==== The data ====
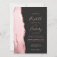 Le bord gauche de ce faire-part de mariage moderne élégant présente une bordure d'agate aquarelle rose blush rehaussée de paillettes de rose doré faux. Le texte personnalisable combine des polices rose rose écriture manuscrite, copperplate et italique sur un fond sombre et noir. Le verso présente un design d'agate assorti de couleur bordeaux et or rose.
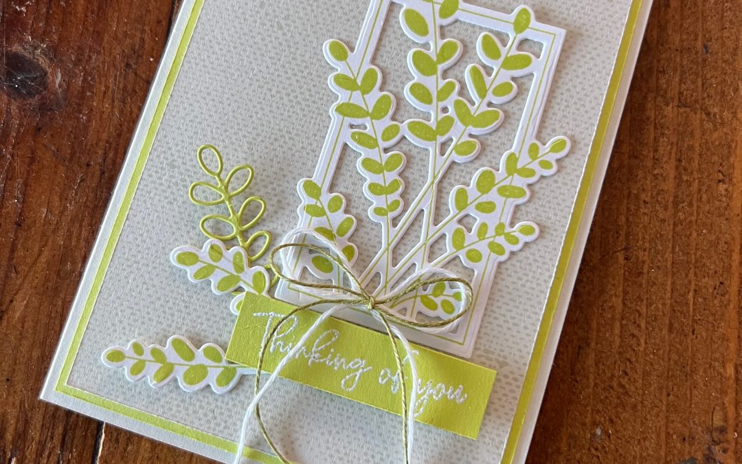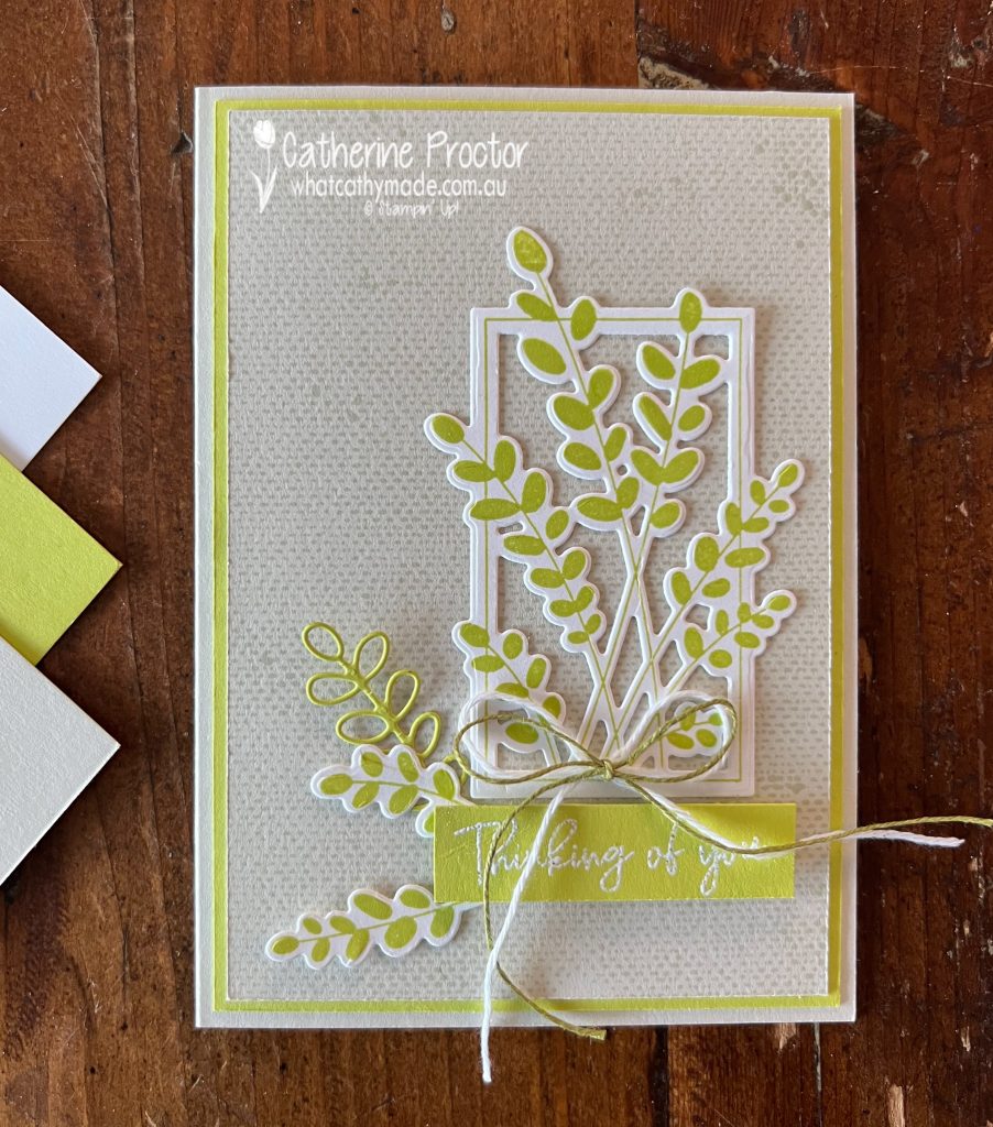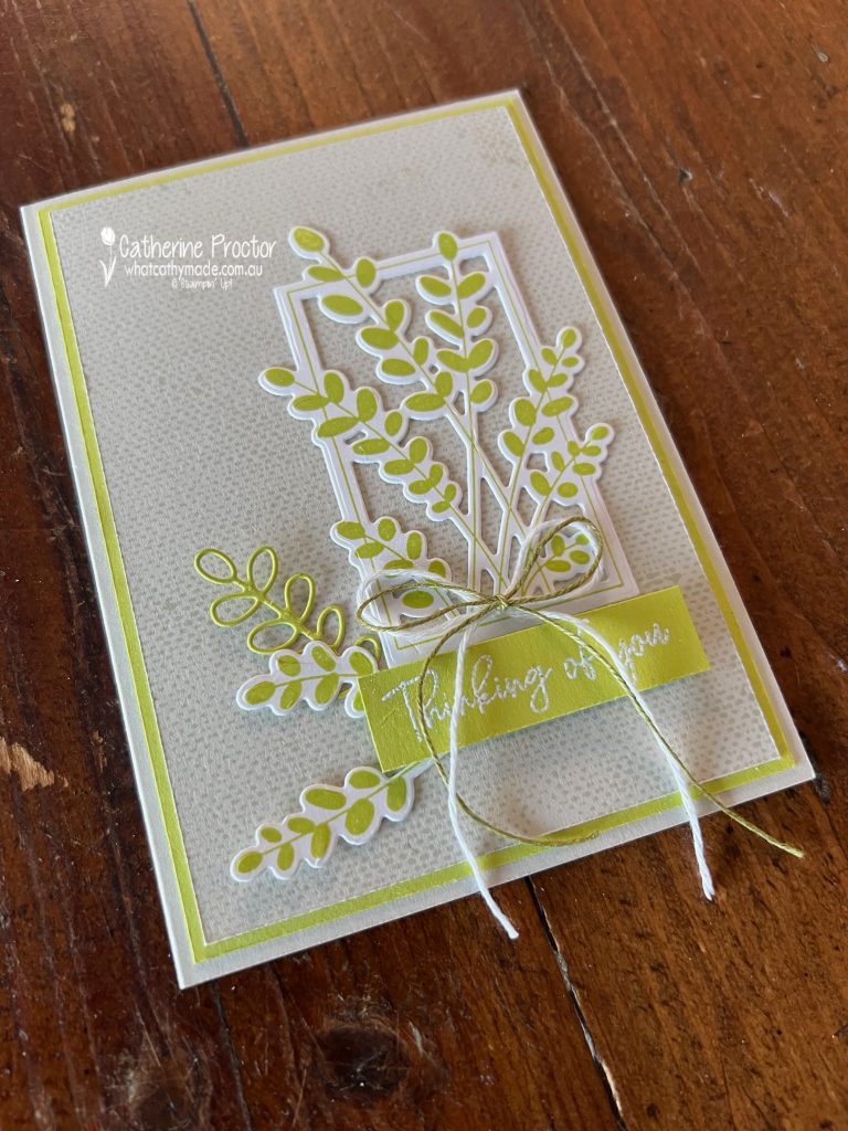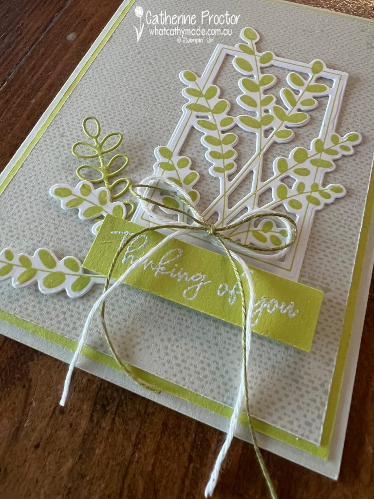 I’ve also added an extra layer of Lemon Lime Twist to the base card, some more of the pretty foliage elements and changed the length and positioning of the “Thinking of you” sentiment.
====
==== The data ====
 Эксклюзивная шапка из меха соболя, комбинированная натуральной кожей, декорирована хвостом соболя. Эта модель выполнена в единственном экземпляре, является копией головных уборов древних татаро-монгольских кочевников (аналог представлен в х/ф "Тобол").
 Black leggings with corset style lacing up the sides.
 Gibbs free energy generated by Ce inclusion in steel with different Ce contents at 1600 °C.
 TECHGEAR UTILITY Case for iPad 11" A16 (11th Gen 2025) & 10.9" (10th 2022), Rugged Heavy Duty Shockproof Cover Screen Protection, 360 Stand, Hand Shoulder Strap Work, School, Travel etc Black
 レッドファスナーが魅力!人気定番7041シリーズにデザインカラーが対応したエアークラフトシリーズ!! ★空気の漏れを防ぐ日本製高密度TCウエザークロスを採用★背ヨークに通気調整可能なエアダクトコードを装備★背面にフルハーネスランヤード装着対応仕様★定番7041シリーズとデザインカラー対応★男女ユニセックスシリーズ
====
==== The data ====
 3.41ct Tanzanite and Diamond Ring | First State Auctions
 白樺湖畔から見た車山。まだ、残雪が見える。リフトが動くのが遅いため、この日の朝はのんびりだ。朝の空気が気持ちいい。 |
====
▶ **Problem statement**: In the listing above, locate the line containing "Black leggings with" and the line containing "Gibbs free energy", then transcribe both and every line between them verbatim.

▶ **Response for this exercise**:
 Black leggings with corset style lacing up the sides.
 Gibbs free energy generated by Ce inclusion in steel with different Ce contents at 1600 °C.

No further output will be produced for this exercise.